ADENOCARCINOMA OF THE STOMACH

Well-differentiated variant

The cytomorphologic features of this variant in effusions overlap with well-differentiated adenocarcinomas of the small intestine, colon, rectum, pancreas, and lung. Loosely cohesive groups of medium to large carcinoma cells with a moderate amounts of vacuolated cytoplasm have round to oval hyperchromatic nuclei with fine to coarsely granular chromatin. The nucleoli are usually small but may be conspicuous in some cells. The PAS (after diastase) stain or mucicarmine stains may demonstrate cytoplasmic mucin.

Poorly differentiated variant

Effusions associated with this variant have cytomorphological features that overlap with other poorly differentiated adenocarcinomas [Figure 5]. Cells with variable amount of cytoplasm may be seen as isolated cells, in loose groups or, rarely, in cohesive clusters. Their hyperchromatic nuclei are large, round to oval, or irregularly shaped with variably clumped, coarsely granular chromatin. The nucleoli are usually prominent, and multinucleation is frequent. The PAS (after diastase) stain or mucicarmine stain may show cytoplasmic vacuoles with mucin in some of the carcinoma cells.

Signet-ring variant

This variant diffusely infiltrates the gastric wall with extensive desmoplasia (linitis plastica). Neoplastic cells are usually seen as isolated cells; however, occasionally loosely cohesive groups may be present. The crescent-shaped nucleus shows finely granular chromatin. A large amount of vacuolated cytoplasm displaces the nuclei peripherally. The cytoplasmic vacuoles are usually positive for mucin with the PAS (after diastase) stain or mucicarmine stain. The nucleoli are usually not conspicuous. The cytomorphology of these carcinoma cells may overlap those of signet-ring-like reactive mesothelial cells with degenerative intracytoplasmic vacuoles. They can be distinguished from mesothelial cells, since they do not fall in the morphologic spectrum of reactive mesothelial cells with or without vacuolation; instead they stand out as a second population. In difficult cases, immunocytochemical evaluation could be performed on cell-block sections to verify their nonmesothelial and non-histiocytic nature with the SCIP approach and demonstrating immunoreactivity for BerEP4, claudin-4, mCEA, and/or B72.3, consistent with adenocarcinoma.

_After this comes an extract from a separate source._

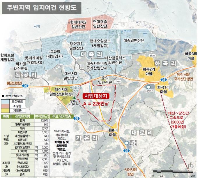 대산 그린컴플렉스는 2027년까지 7120억원을 투입해 총 226만㎡(약 68만평) 부지에 산업시설용지만 142만㎡(43만평)에 달하는 대규모 산업단지로 조성된다.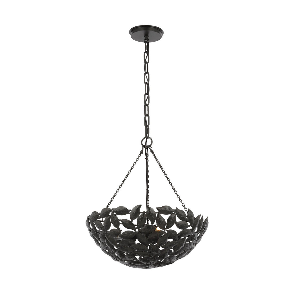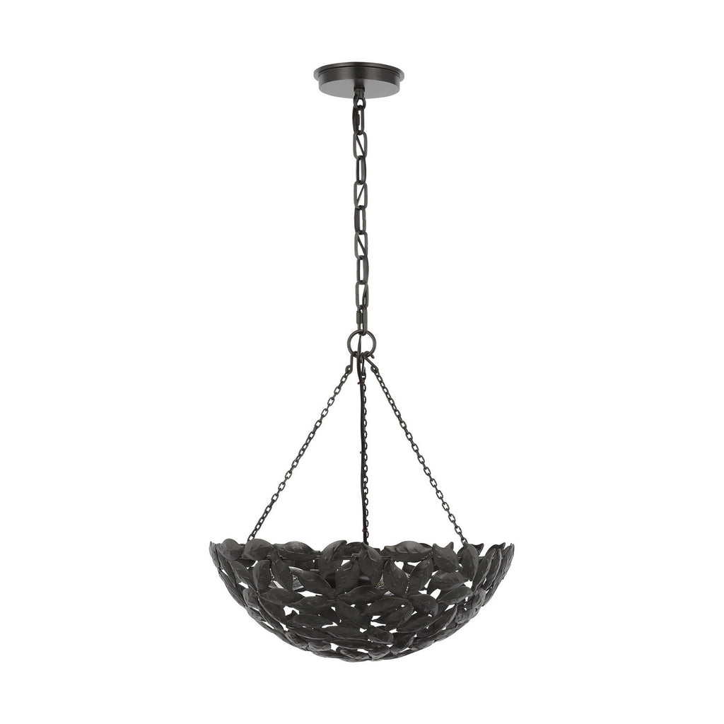 Drawing inspiration from a classic bowl pendant and nature. The Kelan series by Alexa Hampton features a leaf motif, detailed by hand in a stunning display that captivates the design. Crafted with meticulous attention to detail, the delicate motif leaves gracefully cascade from the central fixture, casting a warm and inviting glow Kelan is a soft, feminine contemporary piece that is beautiful in any space. Available sizes include small, medium, and large lanterns.

Anaplastic variant [Figure 11]

This variant also infiltrates the gastric wall diffusely with extensive desmoplasia (linitis plastica) and overlaps cytomorphologically with other anaplastic tumors. The smears contain a second population of numerous, medium-sized, singly scattered, pleomorphic carcinoma cells having scant cytoplasm and high nucleocytoplasmic ratios [Figure 11]. Hyperchromatic, irregularly shaped, eccentric nuclei have coarsely granular chromatin with prominent nucleoli. Multinucleation of tumor cells may be present. Some of these features may overlap with other types of neoplasms such as large cell lymphomas, germ cell tumors, and melanoma, which also have the propensity to be seen as isolated cells [Figure 11a,c].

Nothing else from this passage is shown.